▸ **WHAT TO PRODUCE**: Write out nothing but the lines from the one containing "Our Round Extending" through the last line below, both included, and without the pictures.

▸ **COLLECTED MATERIAL**:
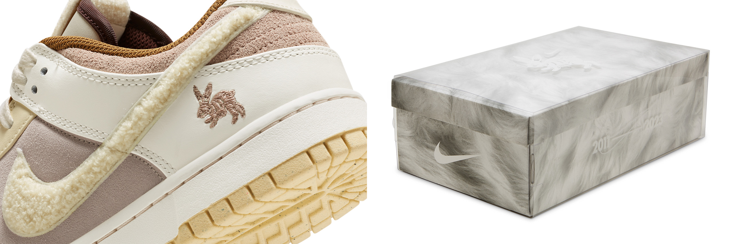 새 신을 신고 뛰어보자 깡총! 무한 확장 세계관의 최강자, 나이키 덩크 로우가 계묘년을 맞아 토끼로 변신했어요. 나이키의 스우시 로고와 발등을 덮는 텅에 사용한 소재는 몽실몽실한 토끼 꼬리털을 꼭 빼닮았습니다. 텅에 부착한 택에는 ‘토끼 토(兔)’도 새겨놨고, 뒤꿈치 쪽에는 폴짝폴짝 뛰어가는 작은 토끼를 수놓았지요. 토끼를 앙증맞게 활용한 이 덩크 로우는 계묘년 기념 특별 슈 박스로 모신대요.
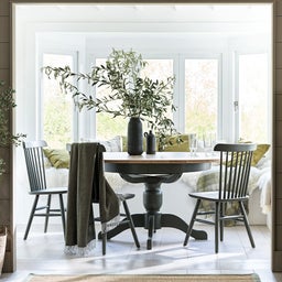 Our Round Extending Dining Table is the prefect addition for smaller spaces. Standing Firm on its chunky pedestal, its finished in our Chester Forest Green paint that will suit both classic and modern decors, and a contrasting oak and high quality oak veneer top that will withstand the rigours of daily family use. When that extra room is needed, it opens out to 145cm, to easily seat six diners. Pair with our Chester Forest Green Dining Chairs.
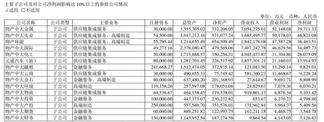 物产中大由于不披露单一业务收入,只能通过它的主要子公司去分析业务,它的供应链业务主要通过中大金属、中大国际和中大化工去经营。

▸ **WRITTEN ANSWER**:
 Our Round Extending Dining Table is the prefect addition for smaller spaces. Standing Firm on its chunky pedestal, its finished in our Chester Forest Green paint that will suit both classic and modern decors, and a contrasting oak and high quality oak veneer top that will withstand the rigours of daily family use. When that extra room is needed, it opens out to 145cm, to easily seat six diners. Pair with our Chester Forest Green Dining Chairs.
 物产中大由于不披露单一业务收入,只能通过它的主要子公司去分析业务,它的供应链业务主要通过中大金属、中大国际和中大化工去经营。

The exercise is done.